The power analysis in GREIN is performed using the Bioconductor package RNASeqPower4 which uses the following formula:

$$\begin{array}{c}{({{\boldsymbol{z}}}_{1-\frac{{\boldsymbol{\alpha }}}{2}}+{{\boldsymbol{z}}}_{{\boldsymbol{\beta }}})}^{2}=\frac{{\boldsymbol{n}}{\mathrm{log}}_{{\boldsymbol{e}}}{{\rm{\Delta }}}^{2}}{2(\frac{1}{{\boldsymbol{\mu }}}+{{\boldsymbol{\sigma }}}^{2})}\#\end{array}$$
(1)

where, α is the target false positive rate, β is the target false negative rate or 1-β is power, n is the sample size, Δ is the effect size, μ is the average sequencing depth, and σ is the biological coefficient of variation (BCOV) calculated as the square root of the dispersion. We use common dispersion and tagwise dispersion estimates from Bioconductor package edgeR37 for computing power of a single gene and multiple genes respectively.
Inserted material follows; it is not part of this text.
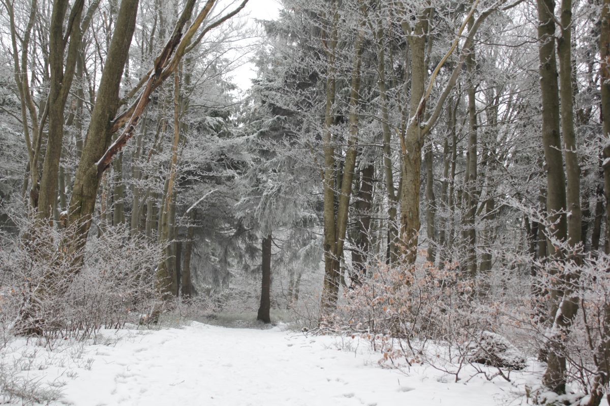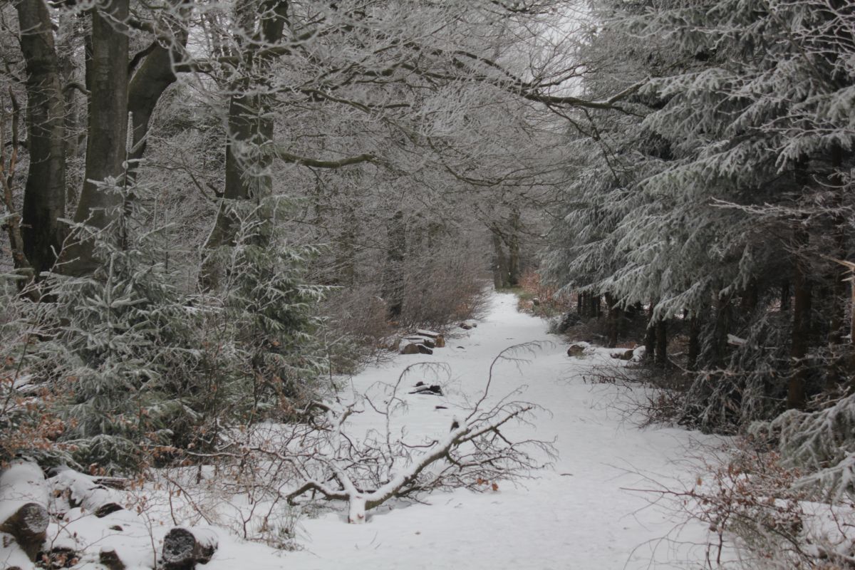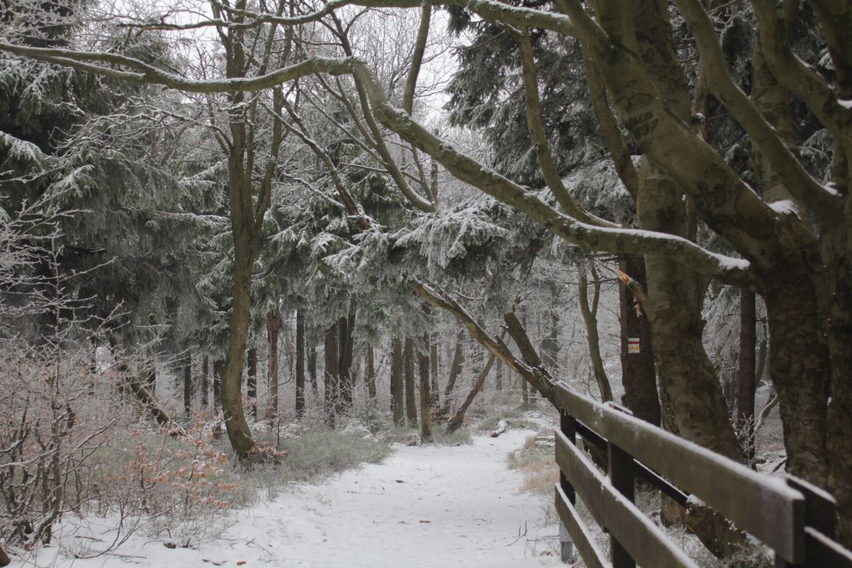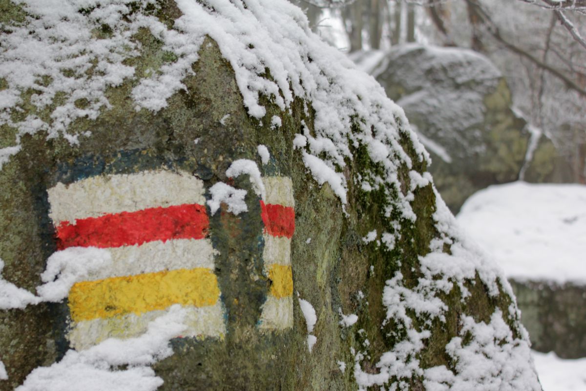 Tak jak wspominałam ambicje wielkie więc na szlak czerwony, na Przełęczy Woliborskiej weszliśmy dokładnie o 9.15. Mieliśmy okazje schodzić nim ostatnio więc do Bielawskiej Polanki wiedzieliśmy czego się spodziewać. Na tym odcinku jest praktycznie tylko jedno trochę bardziej męczące podejście, więc nie trzeba się obawiać zbytniego zasapania, a i zimą jest to możliwość rozgrzania się czymś innym niż targana ze sobą herbata w termosie.

Typically, thousands of genes are tested simultaneously for differential expression in RNA-seq experiments. Therefore, the above method for estimating power needs further adjustment to correct for multiple testing. Jung et al.38 derived an FDR correction formula and consequently the significance level (α*) to calculate sample size for microarray data in the following form:

$$\begin{array}{c}{{\boldsymbol{\alpha }}}^{\ast }=\frac{{{\boldsymbol{r}}}_{1}{\boldsymbol{f}}}{{{\boldsymbol{m}}}_{0}(1-{\boldsymbol{f}})}\#\end{array}$$
(2)

where, r1 is the expected number of true positives in m1 rejected null hypotheses, m0 denote the number of genes for which null hypotheses are true, and f implies desired FDR level. Hence, to calculate power for each of the genes, we replace α with α* in eq. (1).

Differential expression analysis

GREIN uses negative binomial generalized linear model as implemented in edgeR to find differentially expressed genes between sample groups. Data is normalized using trimmed mean of M-values (TMM) as implemented in edgeR. All the analyses are based on CPM values and genes are filtered at the onset with a cutoff of CPM > 0 in m samples, where m is the minimum sample size in any of the groups. Besides two-group comparison, GREIN also supports adjustment for experimental covariates or batch effects. A design matrix is constructed with the selected variable and groups. We use gene-wise negative binomial generalized linear models with quasi-likelihood tests and gene-wise exact tests to calculate differential expression between groups with and without covariates respectively. P-values are adjusted for multiple testing correction using Benjamini-Hochberg method39. Interactive visualization of the differentially expressed genes is also available via heatmap of the top ranked genes, MA plot, and gene detectability plot.